Jeeran (جيران,) is a review site to help locals and visitors find the best restaurants, closest ATM, or a mechanic. Jeeran offers reviews, photos, phone numbers, and maps for over 350,000 places in Jordan, KSA, Egypt, and Kuwait.

== History ==
Jeeran was founded in 2000 as a free hosting platform, in 2005 it evolved to offer blogging services aimed at bringing more Arabic content online. 2010 witnessed Jeeran's biggest transformation to a reviews' platform for the Arab world.

Following this big transformation, Jeeran released an iPhone app late 2011 and an Android app early 2012. In 2014 Jeeran apps went under major revamp with the launch of Jeeran on Windows phones.

== Logo history ==
Starting as a free hosting platform in 2000, three houses were used, representing the individuals as neighbours (Jeeran in Arabic). A refined version of this logo was used in 2006 when Jeeran switched to a blogging platform, as the houses remained a valid representation of users.

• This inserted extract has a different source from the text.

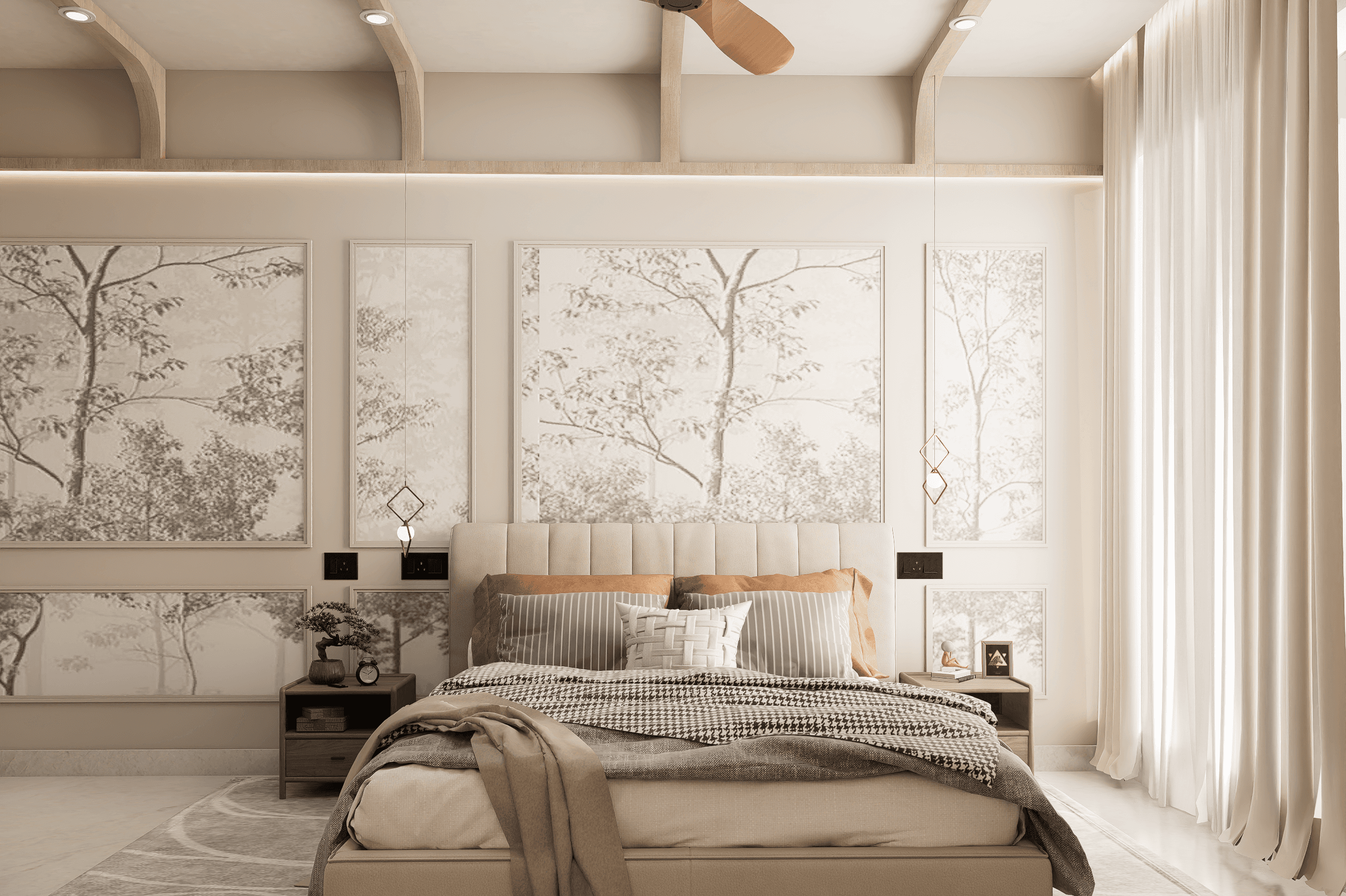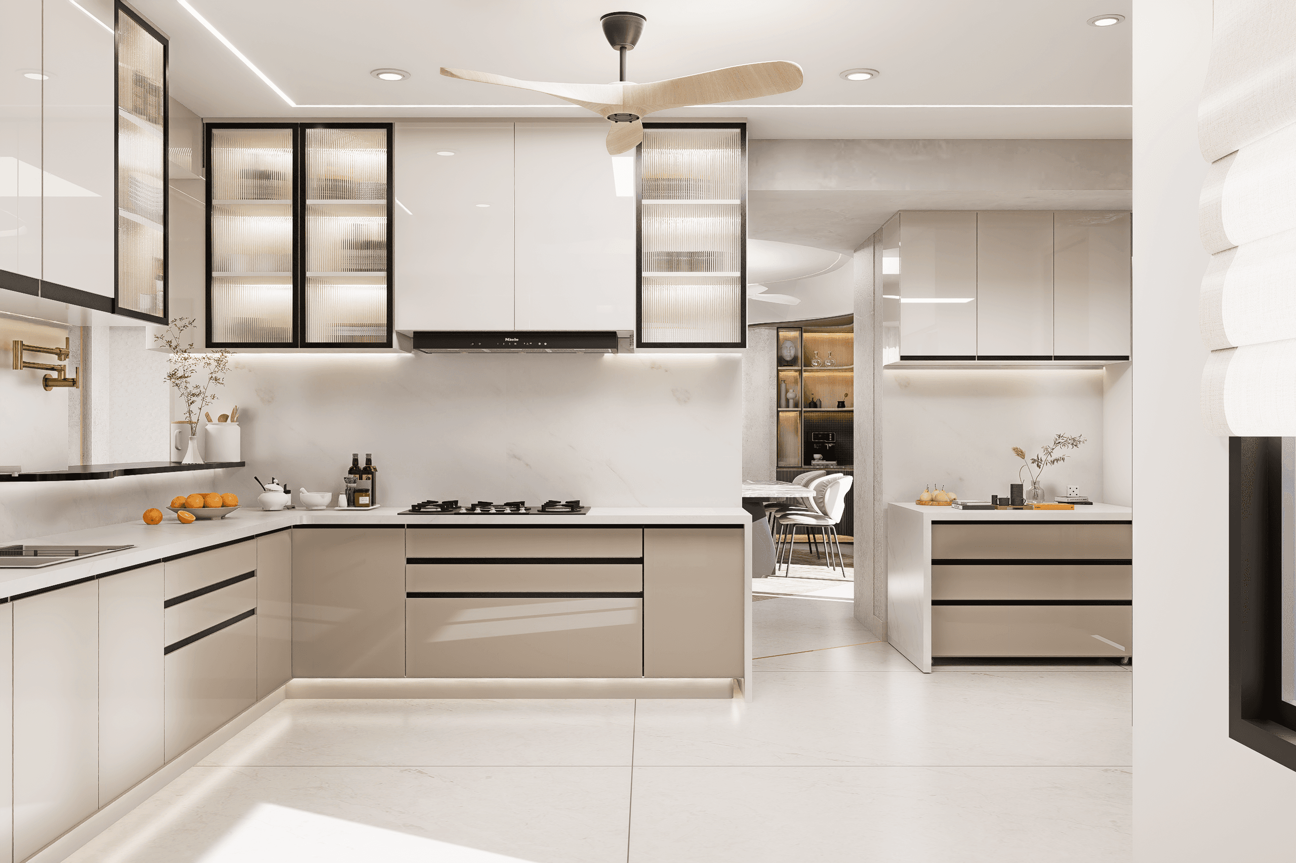The studio engaged with the project at an early stage, when the floor plate existed as a bare shell, free of internal walls. This allowed the spatial organization to emerge from first principles rather than constraints. Instead of rigid partitions, the design introduces a series of nodes and axes, seamlessly connected through subtle curves and fluid transitions. These gentle geometries soften the linearity of the plan, creating a continuous and cohesive spatial experience. This project stands as a unique exploration for Studio Fingo, an apartment formed by merging two 4-bedroom units in JP Nagar. The resulting footprint stretches into a linear plan of approximately 100 feet by 35 feet, offering both a challenge and an opportunity to rethink continuity within a residential setting. The planning is guided by orientation and the rhythms of the day. Living spaces are positioned along the eastern edge to welcome the morning light and energy. The dining and kitchen follow as transitional zones, while the bedrooms shift toward the west, offering a quieter, more introspective environment as the day winds down. Despite its openness, the home maintains a careful balance between connectivity and privacy. Cross ventilation, ample natural light, and minimized internal barriers contribute to a sense of clarity and calm. The result is a living environment that feels expansive yet intimate, an uninterrupted spatial narrative shaped by light, movement, and material continuity. A restrained palette of beige, crème, and browns forms the base, punctuated by accents of terracotta, teal, and peach. This interplay of tones unifies the home while lending moments of warmth and character across the length of the space. Flooring plays a key role in reinforcing movement and continuity. Marble inlays trace oblique geometric curves across the floor, subtly guiding circulation while enhancing the sense of flow. These patterns echo the language of the ceilings, where soft curves and refined finishes further dissolve boundaries between spaces.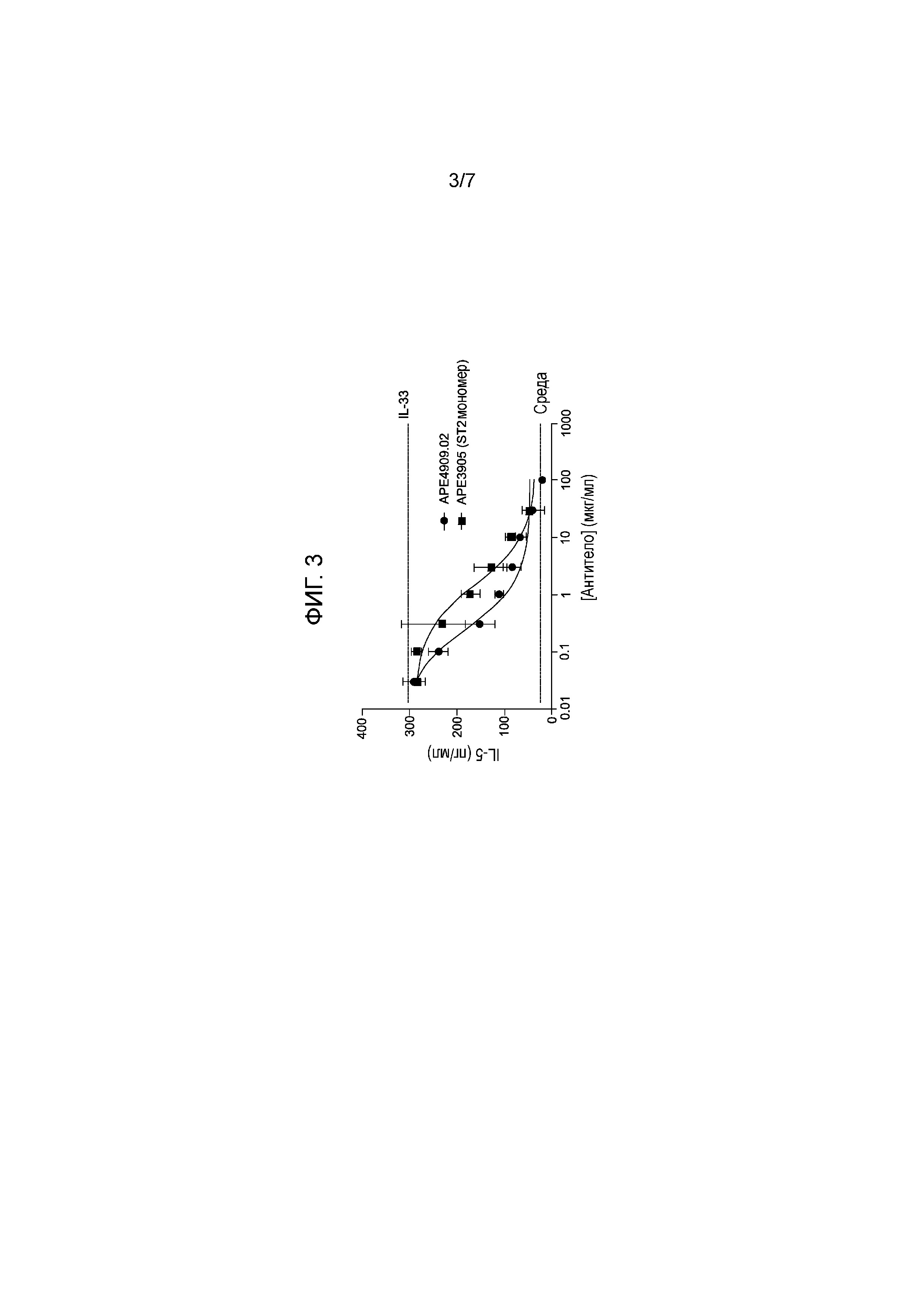 and Milstein, Eur. J. Immunol., 5: 511-519 (1976); Harlow and Lane (eds.), Antibodies: A Laboratory Manual, CSH Press (1988); и Janeway et al. (eds.), Immunobiology, 5th Ed., Garland Publishing, New York, NY (2001)). В некоторых вариантах осуществления человеческое антитело или химерное антитело может быть генерировано с применением трансгенного животного (напр., мыши), при этом один или более эндогенных иммуноглобулиновых генов заменены с одним или более человеческих иммуноглобулиновых генов. Примеры трансгенных мышей, в которых гены эндогенного антитела эффективно заменены с генами человеческого антитела, содержат, но не ограничены ими, Medarex HUMAB-MOUSE™, the Kirin TC MOUSE™ и Kyowa Kirin KM-MOUSE™ (см., напр., Lonberg, Nat. Biotechnol., 23(9): 1117-25 (2005), и Lonberg, Handb. Exp. Pharmacol., 181: 69-97 (2008)). Гуманизированное антитело может быть генерировано с применением любого пригодного способа, известного в данной области (см., напр., An, Z. (ed.), Therapeutic Monoclonal Antibodies: From Bench to Clinic, John Wiley & Sons, Inc., Hoboken, New Jersey (2009)), включая, напр., трансплантацию нечеловеческих CDR в каркас человеческого антитела (см., напр., Kashmiri et al., Methods, 36(1): 25-34 (2005); и Hou et al., J. Biochem., 144(1): 115-120 (2008)). В одном варианте осуществления гуманизированное антитело может быть продуцировано с применением способов, описанных, напр., в публикации заявки на патент США 2011/0287485 A1.Изобретательское антитело Ответ Вывод APE00986 нет ответа в отсутствии ST2 Не связывается с IL-33 APE02718 ответ понижается по мере того как [ST2] возрастает ST2 связывается с таким же/перекрывающимся эпитопом APE03833 ответ понижается по мере того как [ST2] возрастает ST2 связывается с таким же/перекрывающимся эпитопом APE04269 ответ понижается по мере того как [ST2] возрастает ST2 связывается с таким же/перекрывающимся эпитопом APE05492 ответ возрастает по мере того как [ST2] возрастает ST2 связывается с другим эпитопом

In 2010, Jeeran has transformed to become “Places in your City” and the ultimate guide for locals and visitors alike. The three houses were reduced to one, and the logo had the slogan added to it to emphasize this transformation.

Jeeran has expanded to exist on every mobile platform and in more than 38 Cities in 4 countries.

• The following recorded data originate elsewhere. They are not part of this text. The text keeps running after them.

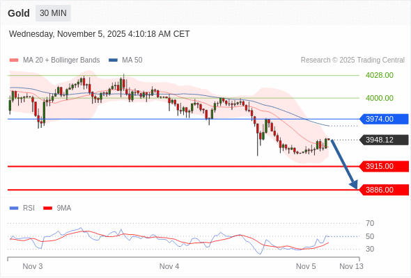 在 3974.00 之下,看跌,目标价位为 3915.00 ,然后为 3886.00 。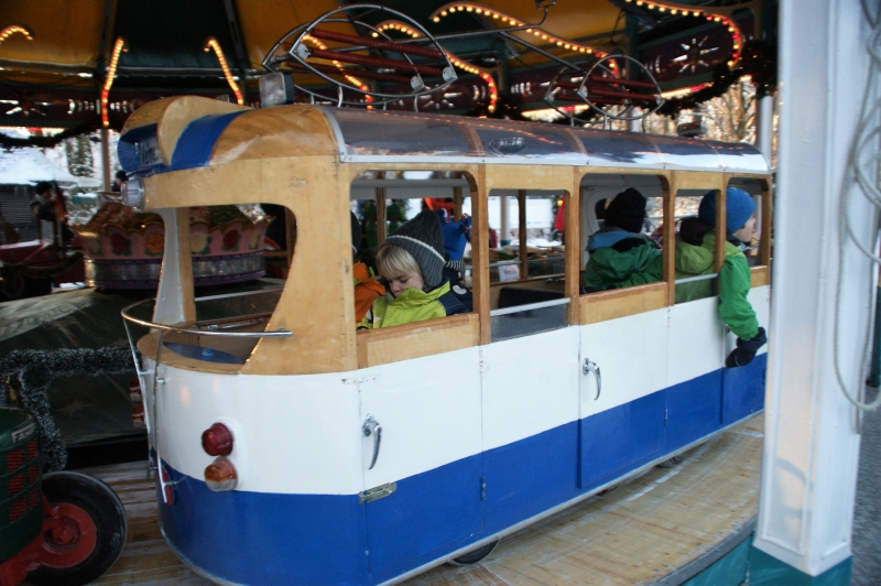 このメリーゴーラウンド、乗り物がすべてレトロでカワイイ!昔のトラム(路面電車)を模したものや、古めかしいオートバイ、ドイツ国旗をはためかせたクラシック・ベンツのオープンカーなど、なかなか珍しいものだらけ。大人もつい乗りたくなってしまうかも?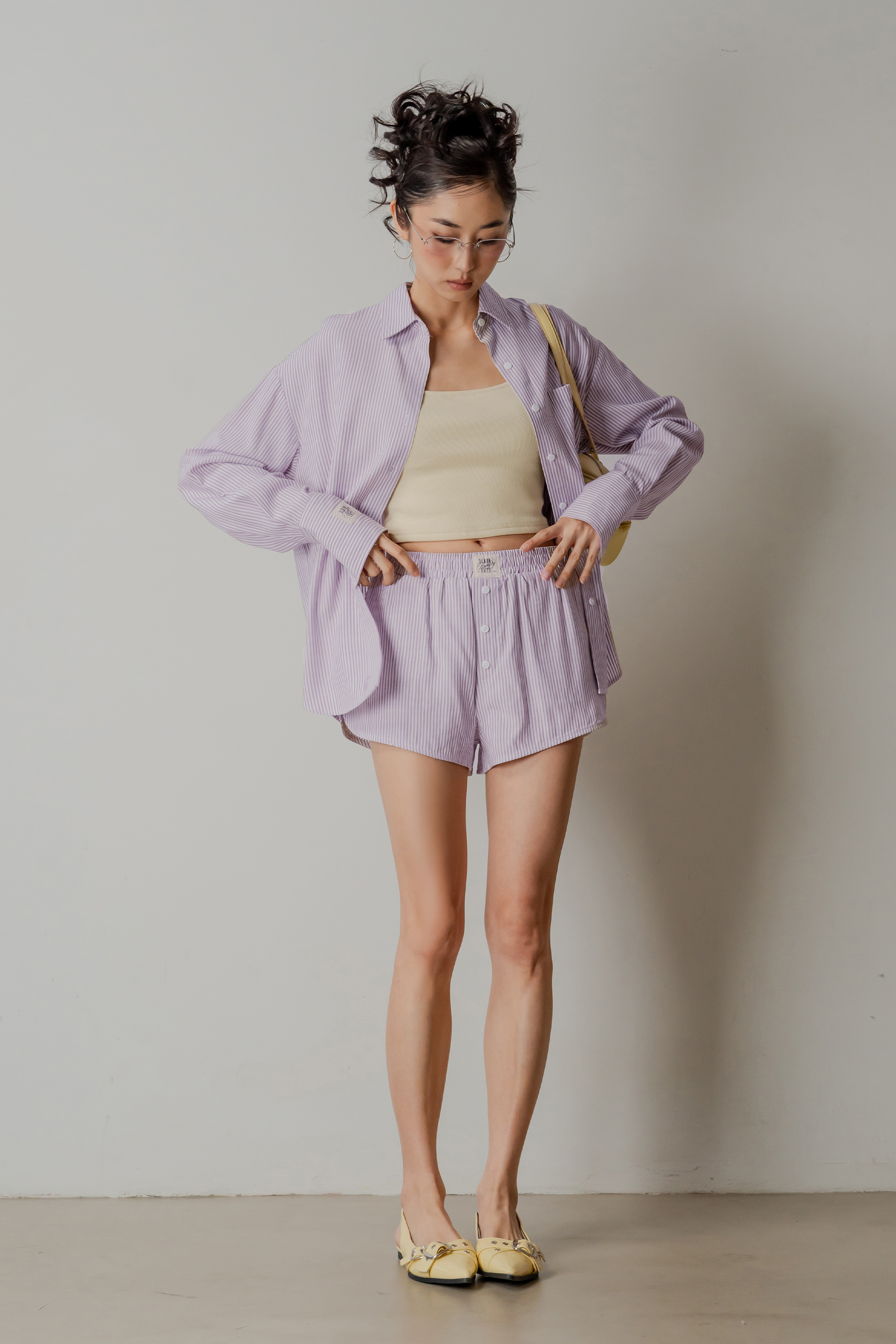 Easy and unhurried, the Sedate Lazy Oversized Shirt Button Top features a loose, drapey silhouette with clean stripes, a collared neckline, and full button-front detailing. Now back with fresh stripe options, it blends everyday comfort with a touch of polish. Pair it with the coordinating pants or shorts for a relaxed, cohesive set.

It launched a redesigned logo to symbolize the spirit of Jeeran as a company and the team's passion for growth and progress.

== Main features ==
Jeeran site and mobile apps cover the following features:

1. Listing of all places in cities it covers.
2. Details including phone numbers, photos, maps, user generated reviews and ratings about those places
3. The ability to bookmark places, write reviews or add photos
4. Questions and Answers section: where people can ask questions about specific services or products in the city

== Reception and usage ==
The Jeeran app hit 375,000 downloads in February 2015 and is rated 4.5 on iTunes, and 4.3 on Google Play Store.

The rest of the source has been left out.